• [ACTION ITEM]: Give the listing again in full and exactly, apart from its pictures.

• [INFORMATION SHOWN]:

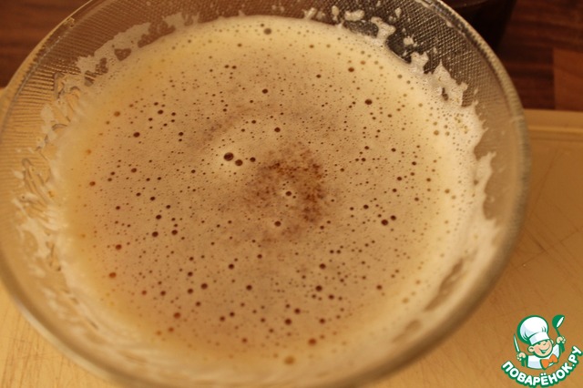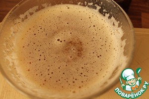 В желтковую массу вливаем половину горячего молока, взбиваем венчиком.
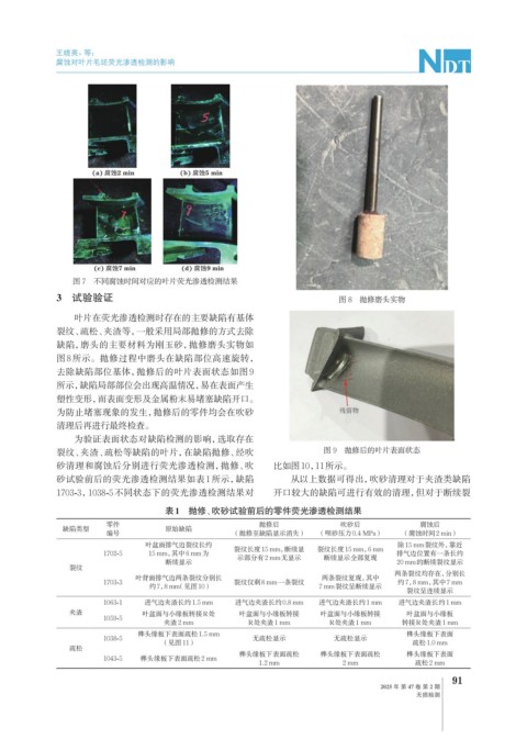 砂试验前后的荧光渗透检测结果如表1所示,缺陷 从以上数据可得出,吹砂清理对于夹渣类缺陷
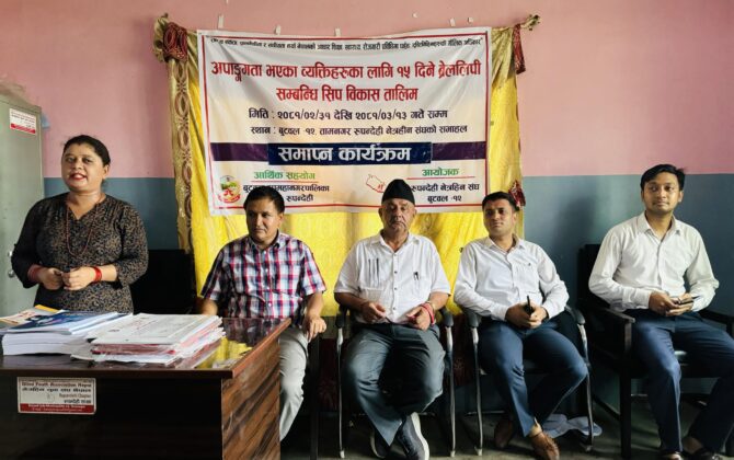 बुटवल । बुटवल उप–महानरपालिकाको आयोजना तथा रुपन्देही नेत्रहिन संघको प्राविधिक सहयोगमा अपाङ्गता भएका व्याक्तिहरुको लागि १५ दिने ब्रेल प्रशिक्षण तालिम प्रदान गरिएको छ । तालिमको बुधवार एक कार्यक्रमका विच समापन गरिएको छ । तालिम समापन...

• [RESPONSE TO THE EXERCISE]:
 В желтковую массу вливаем половину горячего молока, взбиваем венчиком.
 砂试验前后的荧光渗透检测结果如表1所示,缺陷 从以上数据可得出,吹砂清理对于夹渣类缺陷
 बुटवल । बुटवल उप–महानरपालिकाको आयोजना तथा रुपन्देही नेत्रहिन संघको प्राविधिक सहयोगमा अपाङ्गता भएका व्याक्तिहरुको लागि १५ दिने ब्रेल प्रशिक्षण तालिम प्रदान गरिएको छ । तालिमको बुधवार एक कार्यक्रमका विच समापन गरिएको छ । तालिम समापन...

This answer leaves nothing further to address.